→ Information provided
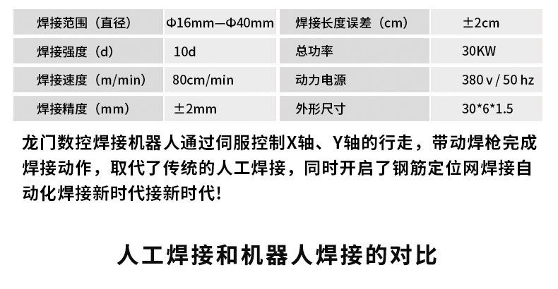隨著我國經濟的迅速發展,生產周期在不斷地縮短,焊接自動化、焊接質量要求不斷地提高,使得數控鋼筋加工裝備替代傳統手工加工及半自動機械加工鋼筋成為必然趨勢。到目前為止,國內蓋梁骨架片焊接工作90%以上都是由人工焊接完成。存在效率低下,質量不可控,工人勞動強度高與身體傷害嚴重。公司在這樣的市場環境下研發出國內一臺龍門式蓋梁骨架片焊接機器人,同時開啟了蓋梁鋼筋骨架片自動化焊接新時代!
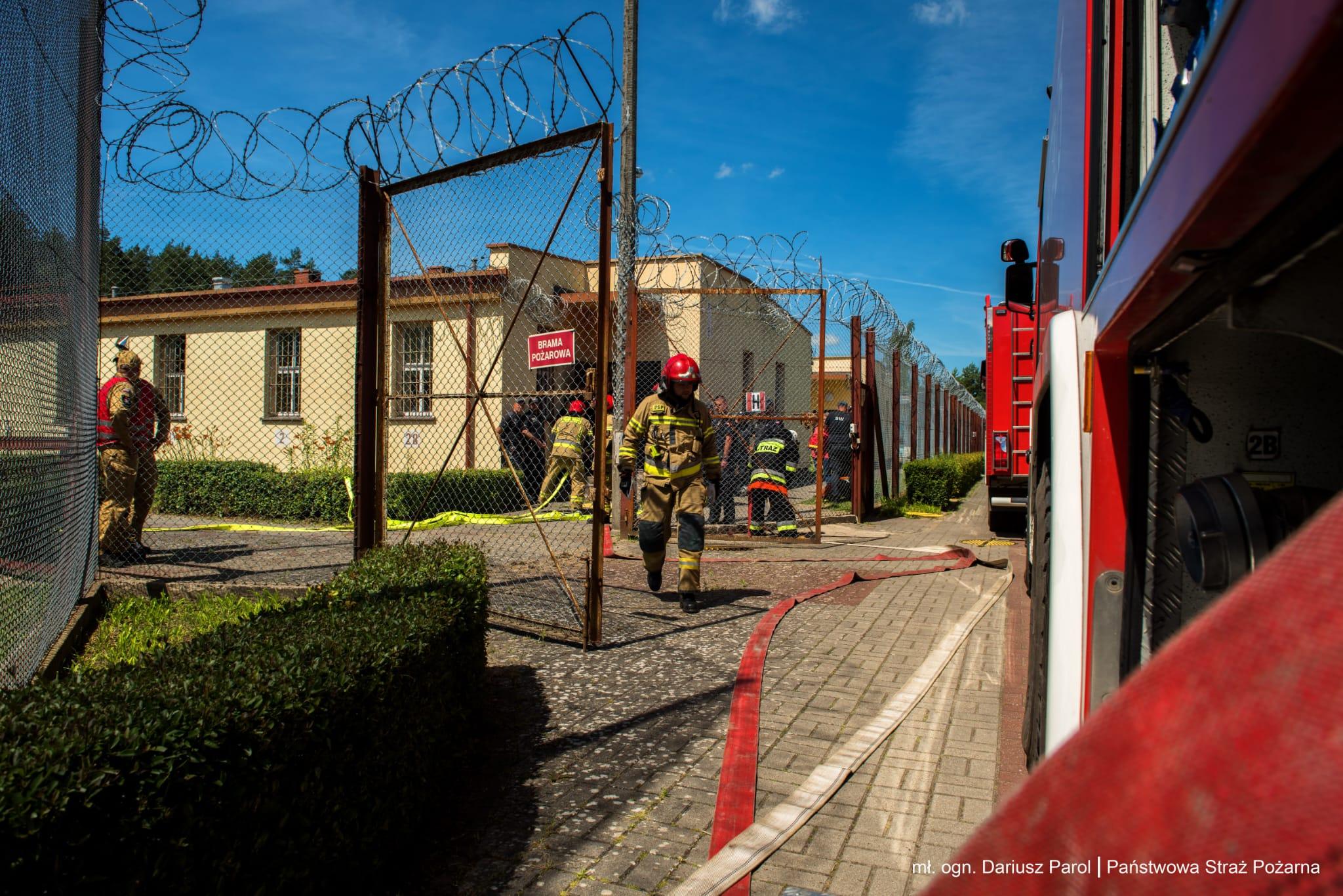 Ogniem zagrożone są obiekty zakładu karnego, sąsiadującego z pożarzyskiem. Ratownicy budują magistralę wodną w obronie budynków, jednocześnie nacierając na palący się oddział leśny.
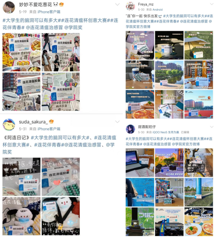 青年一代生生不息,青春力量強(qiáng)勢傳遞。在作品征集期間,參賽學(xué)子主動以圖文形式在微博平臺、小紅書平臺上發(fā)布自己的創(chuàng)意作品、創(chuàng)作歷程、創(chuàng)意感悟等相關(guān)內(nèi)容,輸出年輕人的品牌觀念,展現(xiàn)新時(shí)代青年昂揚(yáng)的精神風(fēng)貌。

→ What you have to do
Transcribe the material above word for word; images do not belong in the copy.

→ Written solution
隨著我國經濟的迅速發展,生產周期在不斷地縮短,焊接自動化、焊接質量要求不斷地提高,使得數控鋼筋加工裝備替代傳統手工加工及半自動機械加工鋼筋成為必然趨勢。到目前為止,國內蓋梁骨架片焊接工作90%以上都是由人工焊接完成。存在效率低下,質量不可控,工人勞動強度高與身體傷害嚴重。公司在這樣的市場環境下研發出國內一臺龍門式蓋梁骨架片焊接機器人,同時開啟了蓋梁鋼筋骨架片自動化焊接新時代!
 Ogniem zagrożone są obiekty zakładu karnego, sąsiadującego z pożarzyskiem. Ratownicy budują magistralę wodną w obronie budynków, jednocześnie nacierając na palący się oddział leśny.
 青年一代生生不息,青春力量強(qiáng)勢傳遞。在作品征集期間,參賽學(xué)子主動以圖文形式在微博平臺、小紅書平臺上發(fā)布自己的創(chuàng)意作品、創(chuàng)作歷程、創(chuàng)意感悟等相關(guān)內(nèi)容,輸出年輕人的品牌觀念,展現(xiàn)新時(shí)代青年昂揚(yáng)的精神風(fēng)貌。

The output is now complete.